- **EXERCISE INSTRUCTIONS**
Output only the lines below from the one holding "- Toggle Mode: Provides" down to the one holding "Festprogramm in welchem", both end lines included and every picture dropped.

- **GIVEN RECORDS**

=== Section Start ===

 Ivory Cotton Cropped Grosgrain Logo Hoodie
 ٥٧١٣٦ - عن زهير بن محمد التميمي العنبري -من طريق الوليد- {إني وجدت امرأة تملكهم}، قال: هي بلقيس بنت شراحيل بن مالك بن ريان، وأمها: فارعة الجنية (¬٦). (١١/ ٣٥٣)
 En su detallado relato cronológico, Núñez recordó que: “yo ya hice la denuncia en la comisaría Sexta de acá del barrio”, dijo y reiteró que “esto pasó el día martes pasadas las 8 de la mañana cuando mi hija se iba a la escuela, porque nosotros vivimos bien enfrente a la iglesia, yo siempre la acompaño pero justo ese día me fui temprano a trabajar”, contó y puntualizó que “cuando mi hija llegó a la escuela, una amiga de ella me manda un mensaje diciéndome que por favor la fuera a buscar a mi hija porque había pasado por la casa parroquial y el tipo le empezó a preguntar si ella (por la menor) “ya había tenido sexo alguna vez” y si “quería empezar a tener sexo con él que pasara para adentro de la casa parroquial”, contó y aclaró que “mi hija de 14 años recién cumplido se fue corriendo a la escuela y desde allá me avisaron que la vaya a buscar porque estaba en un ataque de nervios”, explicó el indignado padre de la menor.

=== Section End ===
=== Section Start ===

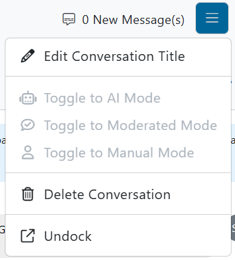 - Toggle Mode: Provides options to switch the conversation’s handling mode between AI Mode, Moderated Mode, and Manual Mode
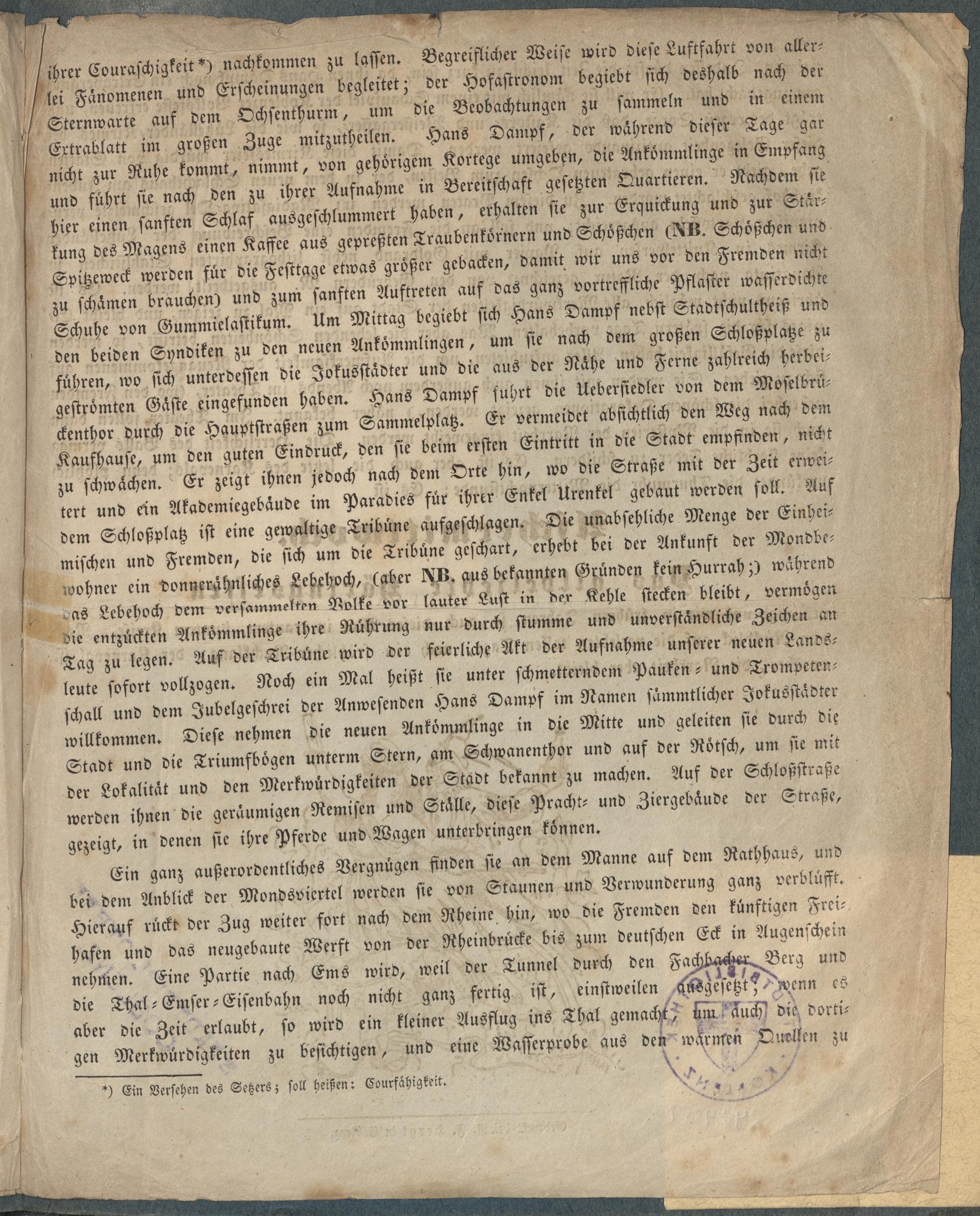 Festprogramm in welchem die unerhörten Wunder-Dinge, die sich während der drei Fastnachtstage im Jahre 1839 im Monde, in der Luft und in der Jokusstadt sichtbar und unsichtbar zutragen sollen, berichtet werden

=== Section End ===

- **ANSWER FOR THE TASK**
 - Toggle Mode: Provides options to switch the conversation’s handling mode between AI Mode, Moderated Mode, and Manual Mode
 Festprogramm in welchem die unerhörten Wunder-Dinge, die sich während der drei Fastnachtstage im Jahre 1839 im Monde, in der Luft und in der Jokusstadt sichtbar und unsichtbar zutragen sollen, berichtet werden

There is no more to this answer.